*Dataset excerpt*:
------

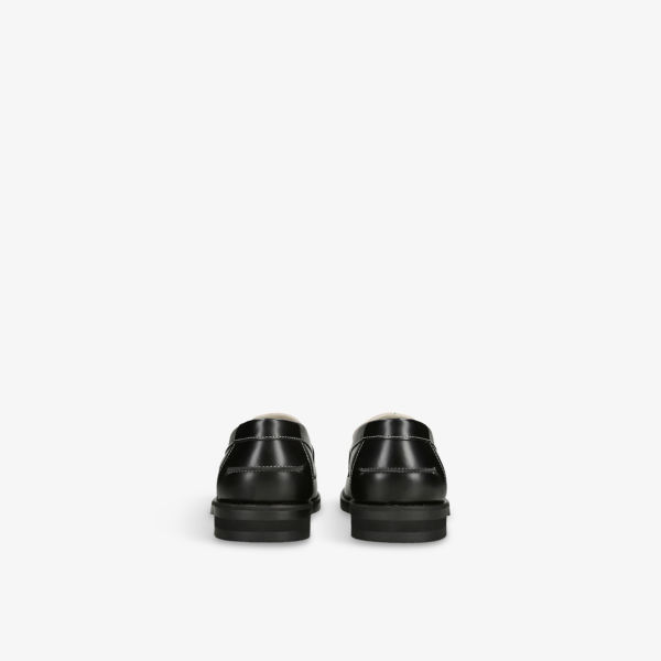 Закрытый миндалевидный носок, принт Casa Duke, монохромный дизайн, контрастная строчка, отделка в виде пенни спереди, наборный каблук
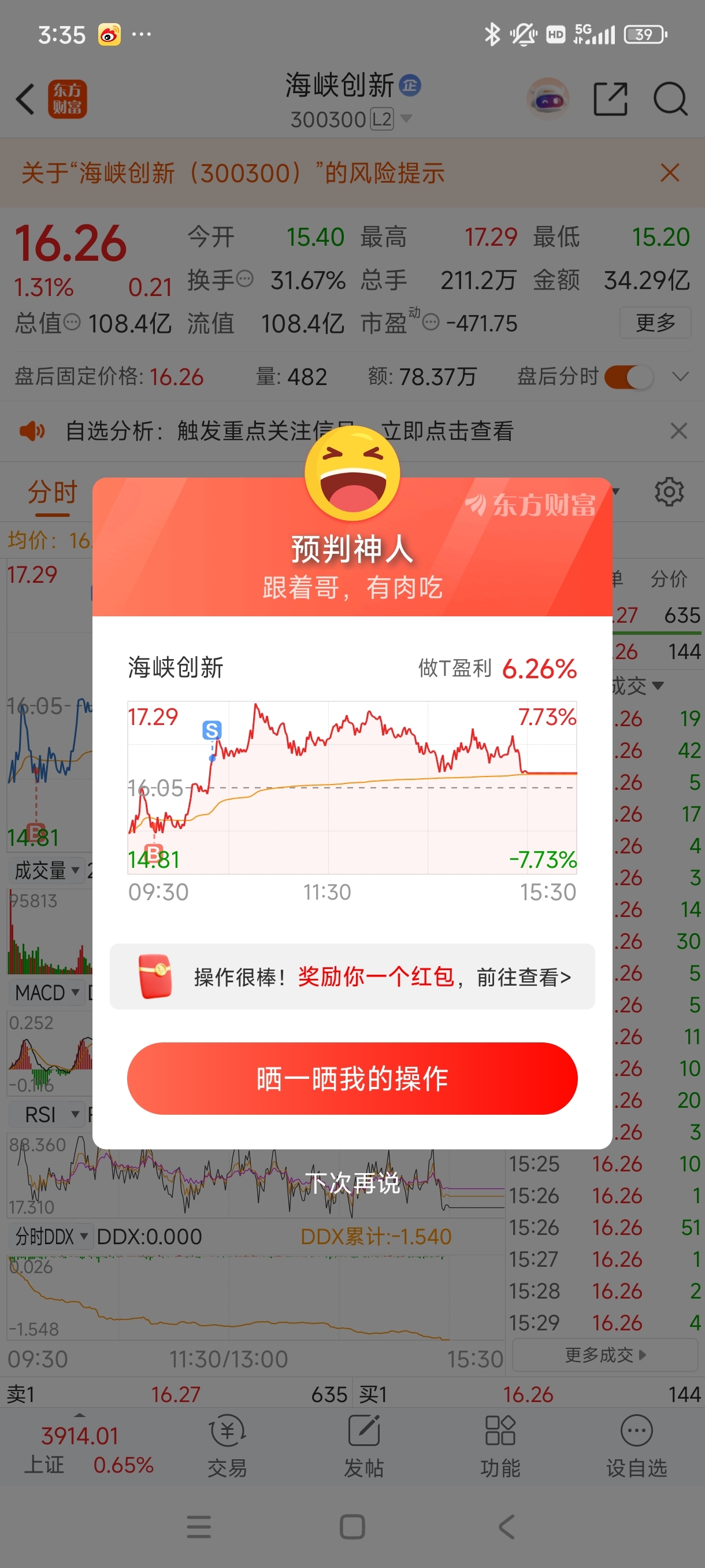 $海峡创新(SZ300300)$ 今年最成功的两个票 一个是你 一个南网
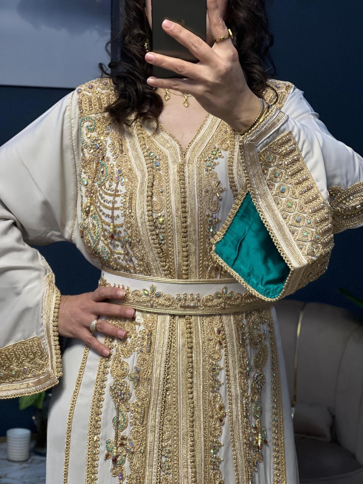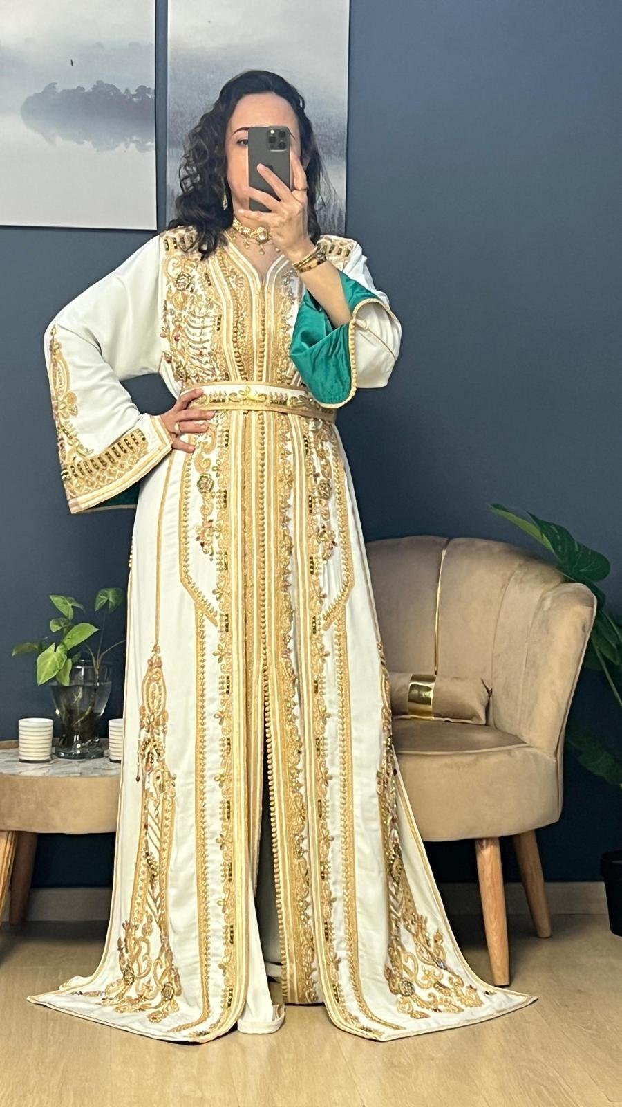 الخام كريب ناعم شك مع تطريز يدوي اللون ابيض وبطانه اخضر

------

*Task goal*: Which lines run from the one containing "今年最成功的两个票 一个是你 一个南网" to the end of the data above? Set down those lines exactly, and only those, without any pictures.

*Task solution*:
 $海峡创新(SZ300300)$ 今年最成功的两个票 一个是你 一个南网
 الخام كريب ناعم شك مع تطريز يدوي اللون ابيض وبطانه اخضر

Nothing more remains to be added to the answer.